I will omit the explanation below, but I will post the contents.
sh prepare.sh
./bulk.exe
time mpiexec --oversubscribe -np 4 python3 ../../../../src/py2dmat_main.py input.toml
echo diff best_result.txt ref.txt
res=0
diff best_result.txt ref.txt || res=$?
if [ $res -eq 0 ]; then
echo TEST PASS
true
else
echo TEST FAILED: best_result.txt and ref.txt differ
false
fi
Post process¶
The result.txt
in each rank folder records the data sampled by each replica, but the same replica holds samples at different temperatures because of the temperature exchanges.

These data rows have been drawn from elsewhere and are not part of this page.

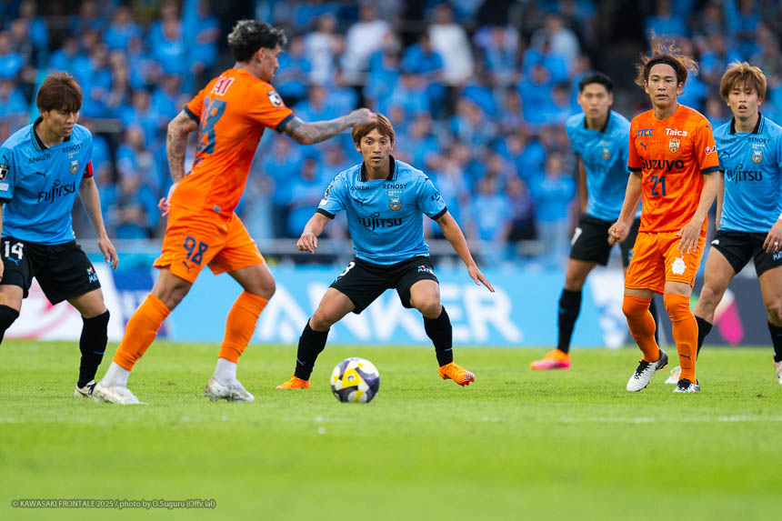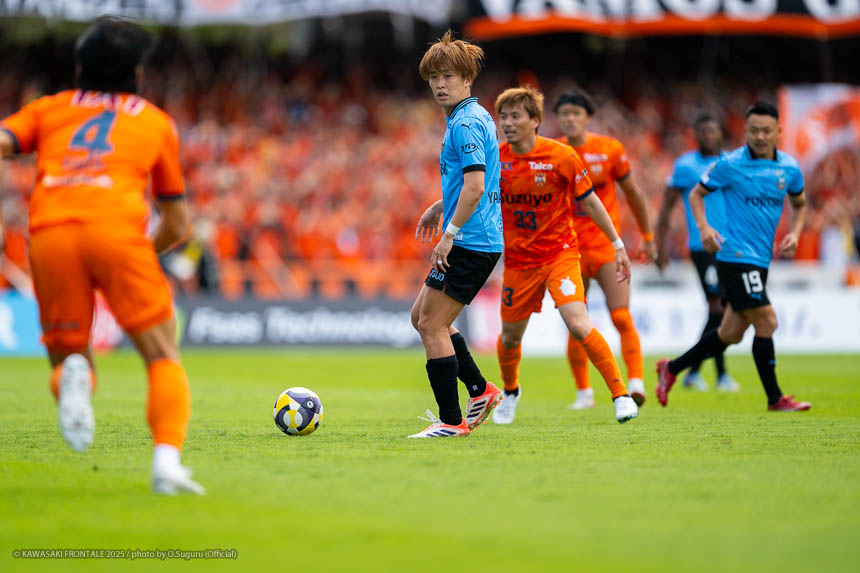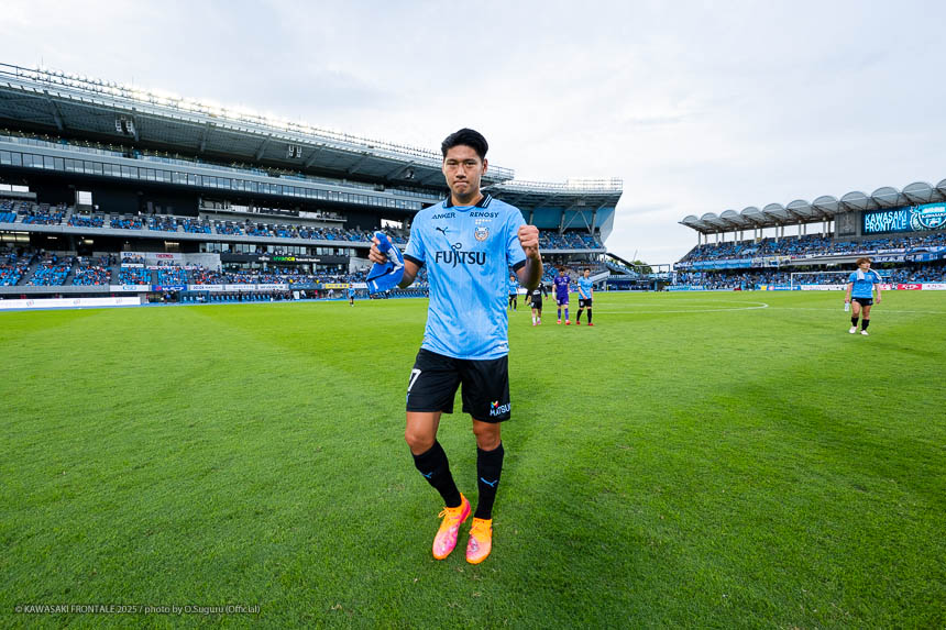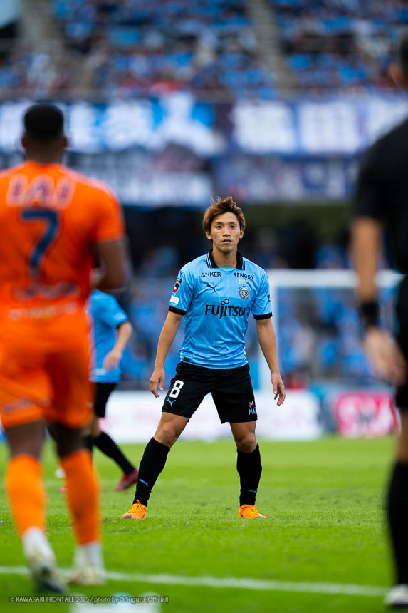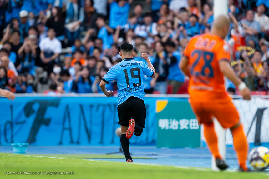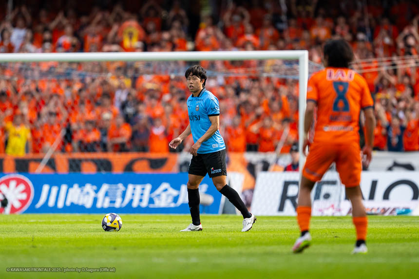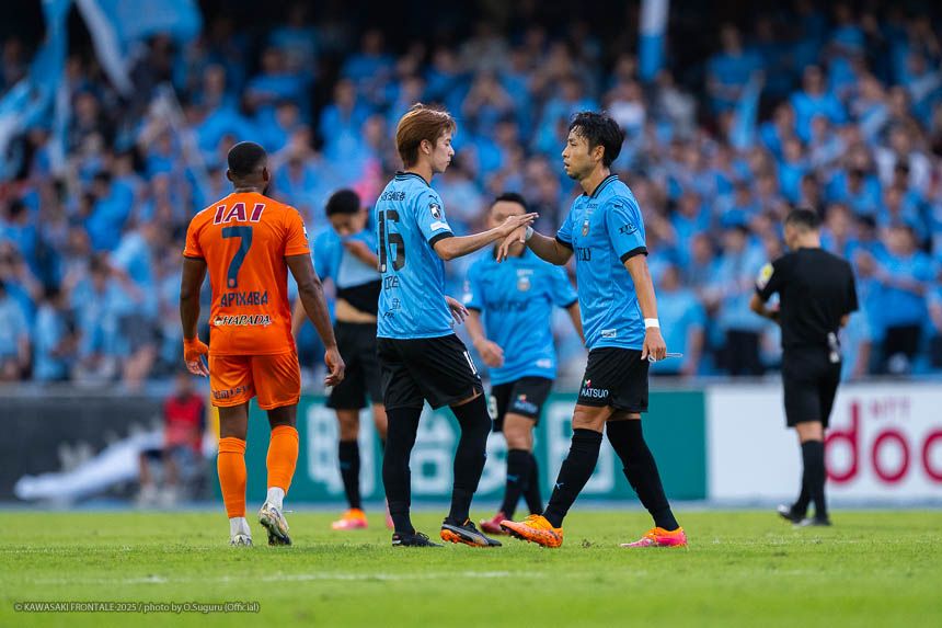 - ゴールシーンはショートカウンターのような形で前向きのヤストくん(脇坂泰斗)に落として、もう1回使ってもらえた。あとは相手が股を閉じるようだったら外側も狙える自分の得意な位置だった。決まってよかった。みんなで話し合っていたわけではないが、個人としてルヴァンカップのような試合のあとのリアクションが大事だと思っていた。各々がそういう気持ちを持っていたからこそ結果にもつながったのかなと思う。前半の最後に失点をしなければ自分がフロンターレに入ってから一番いい45分間だったと思う。後半の立ち上がりにも失点をしてしまっているのでもったいない。
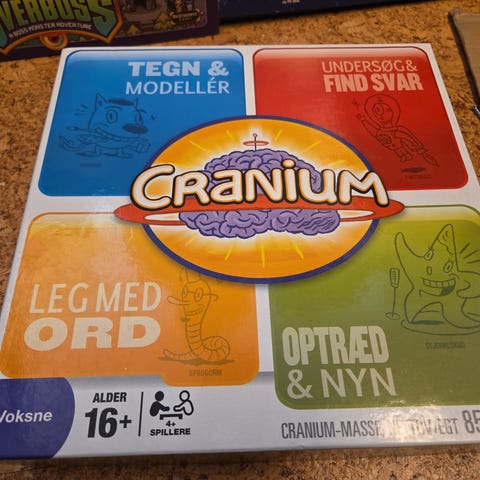 Cranium Familieudgave brætspil med forskellige spilmoduler og kort. Indeholder spil som Skabekat, Faktomaut, Stjerneskud og Sprogorm. Velegnet til familier med børn fra 8 år og opefter. Spillet fremmer samarbejde og kreativitet gennem forskellige udfordringer og aktiviteter.
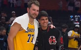 Il momento magico di Luka Doncic non accenna a fermarsi e con lui quello dei Los Angeles Lakers. Nonostante la fatica del back-to-back arrivando in piena notte da Houston, lo sloveno ha realizzato una prestazione magica sul campo dei Miami Heat, mettendo la firma su 60 punti con 7 rimbalzi, 3 assist e 5 palle recuperate. Eccellenti le percentuali: 18/30 dal campo di cui 9/17 da tre punti insieme a 15/19 ai liberi in meno di 38 minuti, trascinando i Lakers all’ottava vittoria consecutiva. Per lui sono 100 punti tondi in due gare consecutive dopo i 40 di ieri a Houston: nella striscia dei gialloviola il capocannoniere della lega ha sempre segnato almeno 30 punti e per la seconda volta nelle ultime cinque gare è andato a quota 50. Era dai tempi dell’ultima gara in carriera di Kobe Bryant nel 2016 che i Lakers non avevano un giocatore a quota 60, mentre per Doncic si tratta del terzo “sessantello” in carriera, realizzando anche il record per un avversario dei Miami Heat (superati i 58 di James Harden nel 2019)
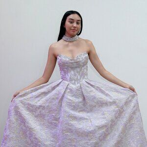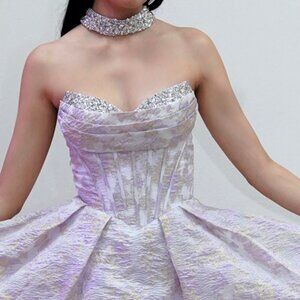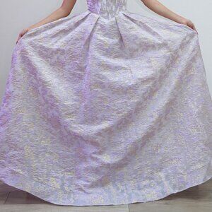 Crafted from luxurious jacquard, this semi-ball gown exudes refined elegance with its delicate floral print and pleated sweetheart neckline. The lace-up back ensures a perfect fit, while the matching choker adds a touch of regal sophistication. A timeless choice for those who favor poise and grace.

2DMat provides a script, script/separateT.py
, that rearranges the results of all replicas into samples by temperature.
python3 ../../../../script/separateT.py
The data reorganized for each temperature point is written to result_T%.txt
(%
is the index of the temperature point).
The first column is the step, the second column is the rank, the third column is the value of the objective function, and the fourth and subsequent columns are the parameters.
Example:
# T = 0.004999999999999999
# step rank fx x1 x2
0 0 0.07830821484593968 3.682008067401509 3.9502750191292586
1 0 0.07830821484593968 3.682008067401509 3.9502750191292586
2 0 0.07830821484593968 3.682008067401509 3.9502750191292586
Visualization¶
By illustrating result_T.txt
, you can estimate regions where the parameters with small R-factor are.
In this case, the figure result.png
of the 2D parameter space is created by using the following command.
python3 plot_result_2d.py
Looking at the resulting diagram, we can see that the samples are concentrated near (5.25, 4.25) and (4.25, 5.25), and that the R-factor
value is small there.
Also, RockingCurve.txt
is stored in each subfolder,
LogXXX_YYY
(XXX
is an index of MC step and YYY
is an index of a replica in the MPI process).
By using this, it is possible to compare with the experimental value according to the procedure of the previous tutorial.